-- WHAT THE TASK REQUIRES --
Nothing in the data should change when you return it, but leave the pictures out.

-- SOURCE MATERIAL --
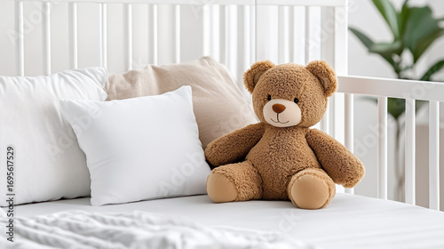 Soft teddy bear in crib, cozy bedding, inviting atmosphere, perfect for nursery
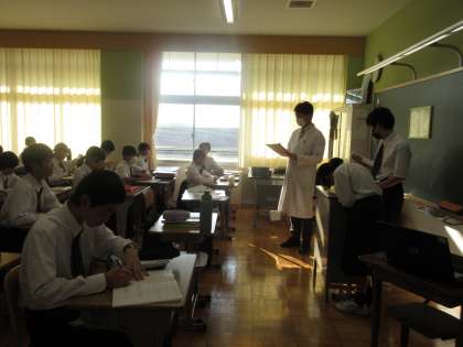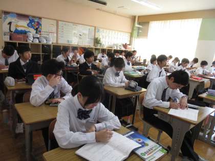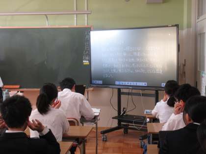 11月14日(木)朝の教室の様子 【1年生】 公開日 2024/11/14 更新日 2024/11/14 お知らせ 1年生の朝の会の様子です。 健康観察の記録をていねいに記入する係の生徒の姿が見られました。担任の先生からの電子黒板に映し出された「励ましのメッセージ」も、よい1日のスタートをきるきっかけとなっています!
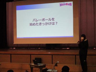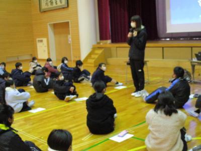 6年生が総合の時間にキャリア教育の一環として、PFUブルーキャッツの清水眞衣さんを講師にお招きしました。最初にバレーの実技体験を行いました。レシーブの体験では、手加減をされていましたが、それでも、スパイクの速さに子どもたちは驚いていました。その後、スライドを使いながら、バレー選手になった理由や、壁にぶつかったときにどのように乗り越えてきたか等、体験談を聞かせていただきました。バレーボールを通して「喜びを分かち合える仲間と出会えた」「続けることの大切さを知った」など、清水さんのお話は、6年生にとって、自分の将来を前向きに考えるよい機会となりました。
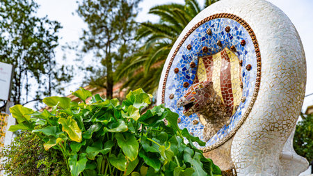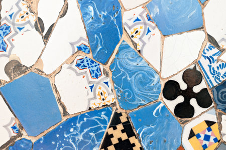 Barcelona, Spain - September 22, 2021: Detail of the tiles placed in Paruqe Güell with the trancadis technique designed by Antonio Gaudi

-- RESULT OF THIS EXERCISE --
 Soft teddy bear in crib, cozy bedding, inviting atmosphere, perfect for nursery
 11月14日(木)朝の教室の様子 【1年生】 公開日 2024/11/14 更新日 2024/11/14 お知らせ 1年生の朝の会の様子です。 健康観察の記録をていねいに記入する係の生徒の姿が見られました。担任の先生からの電子黒板に映し出された「励ましのメッセージ」も、よい1日のスタートをきるきっかけとなっています!
 6年生が総合の時間にキャリア教育の一環として、PFUブルーキャッツの清水眞衣さんを講師にお招きしました。最初にバレーの実技体験を行いました。レシーブの体験では、手加減をされていましたが、それでも、スパイクの速さに子どもたちは驚いていました。その後、スライドを使いながら、バレー選手になった理由や、壁にぶつかったときにどのように乗り越えてきたか等、体験談を聞かせていただきました。バレーボールを通して「喜びを分かち合える仲間と出会えた」「続けることの大切さを知った」など、清水さんのお話は、6年生にとって、自分の将来を前向きに考えるよい機会となりました。
 Barcelona, Spain - September 22, 2021: Detail of the tiles placed in Paruqe Güell with the trancadis technique designed by Antonio Gaudi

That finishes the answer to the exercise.